ReallyRatherMiffed · 20/06/2017 09:47

Not so much an AIBU but more a how would you respond?

(Long time lurker, first time poster, please bare with me etc!)

Back ground... 16 years ago I was diagnosed with a condition which means I am gradually losing my sight - potential to lose it completely, but the hope is I'll always retain SOME useful vision - obviously at the time I was devastated and really thought that was the end of any meaningful life for me. I didn't & still don't 'look blind' (not sure what blind is supposed to look like, but clearly I don't fit the stereotype that most have!), but was/am blind enough to be registered severely sight impaired & for guide dogs to think I'd benefit from a guide dog.

Eight years ago I was matched with my amazing guide dog, apart from the obvious, he made me realise that meaningful life wasn't at an end, but just a different route to the one I thought I'd be taking!

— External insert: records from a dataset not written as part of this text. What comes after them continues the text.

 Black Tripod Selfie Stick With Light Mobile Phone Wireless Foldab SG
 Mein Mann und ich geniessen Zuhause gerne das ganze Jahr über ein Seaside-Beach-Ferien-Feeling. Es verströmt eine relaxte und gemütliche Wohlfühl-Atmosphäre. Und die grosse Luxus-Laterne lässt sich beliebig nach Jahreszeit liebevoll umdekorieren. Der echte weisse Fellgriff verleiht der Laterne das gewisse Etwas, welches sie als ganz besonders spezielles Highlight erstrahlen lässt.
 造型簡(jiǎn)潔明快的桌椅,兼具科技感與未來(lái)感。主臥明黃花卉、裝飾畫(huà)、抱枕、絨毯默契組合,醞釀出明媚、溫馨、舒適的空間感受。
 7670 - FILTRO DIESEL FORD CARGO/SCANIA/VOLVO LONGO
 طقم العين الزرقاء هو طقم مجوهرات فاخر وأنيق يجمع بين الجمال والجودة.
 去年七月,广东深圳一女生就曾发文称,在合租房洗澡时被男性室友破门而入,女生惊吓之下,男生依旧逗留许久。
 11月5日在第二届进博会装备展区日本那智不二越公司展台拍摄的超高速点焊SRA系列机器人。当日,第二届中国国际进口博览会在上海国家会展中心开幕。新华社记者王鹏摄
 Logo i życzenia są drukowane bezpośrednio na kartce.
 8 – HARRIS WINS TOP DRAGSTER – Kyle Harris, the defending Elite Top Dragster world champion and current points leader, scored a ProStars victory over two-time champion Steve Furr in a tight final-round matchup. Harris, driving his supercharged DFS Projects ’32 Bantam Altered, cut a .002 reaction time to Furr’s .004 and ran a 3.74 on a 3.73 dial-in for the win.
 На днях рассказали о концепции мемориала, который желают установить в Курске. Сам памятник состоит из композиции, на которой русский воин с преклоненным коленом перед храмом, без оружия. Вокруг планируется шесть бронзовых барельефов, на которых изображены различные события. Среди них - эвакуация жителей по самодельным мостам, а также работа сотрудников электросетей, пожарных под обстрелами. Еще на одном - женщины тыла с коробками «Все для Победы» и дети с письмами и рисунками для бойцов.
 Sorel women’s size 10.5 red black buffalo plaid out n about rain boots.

At the time one of my then closest friends (shall we call her Edna?!) told me that I would not be allowed to take my dog to her house as she doesn't like them, while I was a bit upset I accepted that as it's her home and she gets to decide who & what goes there so said we'd be meeting in public or at my house instead... initially this was fine, but after a couple of years she started to complain that I never made any effort to go to hers. I pointed out that she had an issue with my guide dog going to hers and that was why, she accepted it for a while but then the little digs started up again and it became a real cycle... meeting up for a while, the digs starting, me having to remind her that I'm visually impaired and that he's my guide dog and essentially a mobility aid, he enables me to get from a to b safely etc, her grudgingly accepting it and then the cycle starting again. She's had a child since then and now the reason is her child is scared of dogs (again, that's fair enough, I'm not one of these people that thinks the world and his wife is going to love my dog in the same way I do, but he really IS lovely Grin)

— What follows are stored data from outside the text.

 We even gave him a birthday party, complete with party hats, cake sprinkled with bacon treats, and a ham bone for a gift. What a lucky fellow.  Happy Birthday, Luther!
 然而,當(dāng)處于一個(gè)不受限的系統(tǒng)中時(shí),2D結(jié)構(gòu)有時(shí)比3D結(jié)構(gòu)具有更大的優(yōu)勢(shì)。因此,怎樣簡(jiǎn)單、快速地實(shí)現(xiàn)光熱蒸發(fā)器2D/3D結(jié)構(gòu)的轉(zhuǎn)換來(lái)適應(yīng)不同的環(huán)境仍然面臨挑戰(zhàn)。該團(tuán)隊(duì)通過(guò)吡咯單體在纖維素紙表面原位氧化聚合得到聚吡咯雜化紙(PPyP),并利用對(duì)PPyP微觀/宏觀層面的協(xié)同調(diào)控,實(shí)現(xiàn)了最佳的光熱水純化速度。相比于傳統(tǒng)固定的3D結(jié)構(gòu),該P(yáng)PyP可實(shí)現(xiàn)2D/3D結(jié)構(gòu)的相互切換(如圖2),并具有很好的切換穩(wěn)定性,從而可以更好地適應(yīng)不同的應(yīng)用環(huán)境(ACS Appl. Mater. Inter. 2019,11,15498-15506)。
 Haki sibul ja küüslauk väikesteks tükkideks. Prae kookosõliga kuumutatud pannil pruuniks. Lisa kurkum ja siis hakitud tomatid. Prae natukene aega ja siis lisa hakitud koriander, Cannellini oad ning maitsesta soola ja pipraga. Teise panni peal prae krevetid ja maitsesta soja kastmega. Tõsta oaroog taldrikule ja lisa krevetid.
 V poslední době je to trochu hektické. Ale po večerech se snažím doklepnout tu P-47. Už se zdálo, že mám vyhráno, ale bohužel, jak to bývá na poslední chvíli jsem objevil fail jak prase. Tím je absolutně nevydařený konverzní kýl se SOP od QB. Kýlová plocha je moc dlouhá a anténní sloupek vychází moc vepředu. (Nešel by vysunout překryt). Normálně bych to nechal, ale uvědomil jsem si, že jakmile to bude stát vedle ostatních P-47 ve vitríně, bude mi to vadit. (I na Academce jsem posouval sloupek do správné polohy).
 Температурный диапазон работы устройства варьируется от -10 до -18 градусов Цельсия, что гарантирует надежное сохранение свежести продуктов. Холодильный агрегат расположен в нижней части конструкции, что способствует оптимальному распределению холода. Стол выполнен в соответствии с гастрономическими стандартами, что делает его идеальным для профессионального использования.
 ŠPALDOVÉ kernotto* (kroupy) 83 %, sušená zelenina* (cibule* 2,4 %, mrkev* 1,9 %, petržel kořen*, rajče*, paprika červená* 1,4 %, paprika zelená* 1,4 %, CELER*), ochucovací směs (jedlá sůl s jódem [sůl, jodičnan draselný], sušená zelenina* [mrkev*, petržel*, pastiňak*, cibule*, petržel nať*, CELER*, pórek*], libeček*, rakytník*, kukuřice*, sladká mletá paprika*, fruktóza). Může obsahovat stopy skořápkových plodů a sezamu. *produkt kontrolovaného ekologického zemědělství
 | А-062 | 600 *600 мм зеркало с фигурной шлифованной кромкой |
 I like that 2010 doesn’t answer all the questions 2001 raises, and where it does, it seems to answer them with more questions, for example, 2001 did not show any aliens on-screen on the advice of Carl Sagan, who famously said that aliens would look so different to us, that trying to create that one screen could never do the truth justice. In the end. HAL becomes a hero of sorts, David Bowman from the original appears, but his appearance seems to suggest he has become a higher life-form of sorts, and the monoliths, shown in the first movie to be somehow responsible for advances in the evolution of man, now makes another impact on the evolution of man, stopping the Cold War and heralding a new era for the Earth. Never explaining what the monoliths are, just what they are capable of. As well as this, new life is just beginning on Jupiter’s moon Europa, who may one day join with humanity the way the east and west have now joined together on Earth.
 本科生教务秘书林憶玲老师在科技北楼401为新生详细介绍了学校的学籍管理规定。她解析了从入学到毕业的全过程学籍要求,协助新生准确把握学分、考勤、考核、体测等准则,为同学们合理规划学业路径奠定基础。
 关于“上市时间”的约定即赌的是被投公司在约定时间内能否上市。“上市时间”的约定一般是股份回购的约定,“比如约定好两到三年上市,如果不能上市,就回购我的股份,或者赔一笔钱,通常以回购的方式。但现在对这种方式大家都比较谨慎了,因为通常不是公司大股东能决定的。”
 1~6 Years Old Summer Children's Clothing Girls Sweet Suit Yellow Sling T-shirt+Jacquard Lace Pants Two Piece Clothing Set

Obviously, this has had an effect on our friendship! It's boring and to be quite honest I find it disrespectful that I had to continuously remind her WHY I no longer spend time at hers (HER choice) and we are no longer the close friends we once were. But we do still occasionally meet up for a catch up meal/drinks, there was no big falling out it was just a gradual parting ways sort of thing. As such I no longer invite her to all the things I would have once invited her to.

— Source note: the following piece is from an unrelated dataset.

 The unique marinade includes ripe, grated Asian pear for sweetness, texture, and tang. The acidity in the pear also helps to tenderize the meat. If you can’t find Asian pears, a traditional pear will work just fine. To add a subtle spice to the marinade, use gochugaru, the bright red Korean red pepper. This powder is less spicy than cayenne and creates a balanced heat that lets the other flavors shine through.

On Saturday I had an impromptu get together at mine in the afternoon for a few hours, some old and new friends, some other guide dogs & their owners, friends with kids & mine, a paddling pool, food and just a nice afternoon. Naturally, pictures and posts were made on stage whispers Facebook - and last night....

I got an incredibly ranty message from Edna, calling me the worse friend she's ever had, why hadn't I invited her on Saturday, why did I always use the dog as an excuse not to go to hers, I should just leave him at home, I had and continue to exaggerate the extent of my sight loss, calling me an attention seeking fraud and much more... Confused Hmm

It's REALLY upset me! I basically want to message her back and say 'YOU'RE the cunt that decided my taking steps to deal with MY sight loss doesn't fit what YOU want in a friend and that's why we're no longer fucking close!' With a few more swear words added in probably to be honest... Blush

But what I really want is a clear fuck off and fuck you message without actually saying that so the least drama possible can escalate from it...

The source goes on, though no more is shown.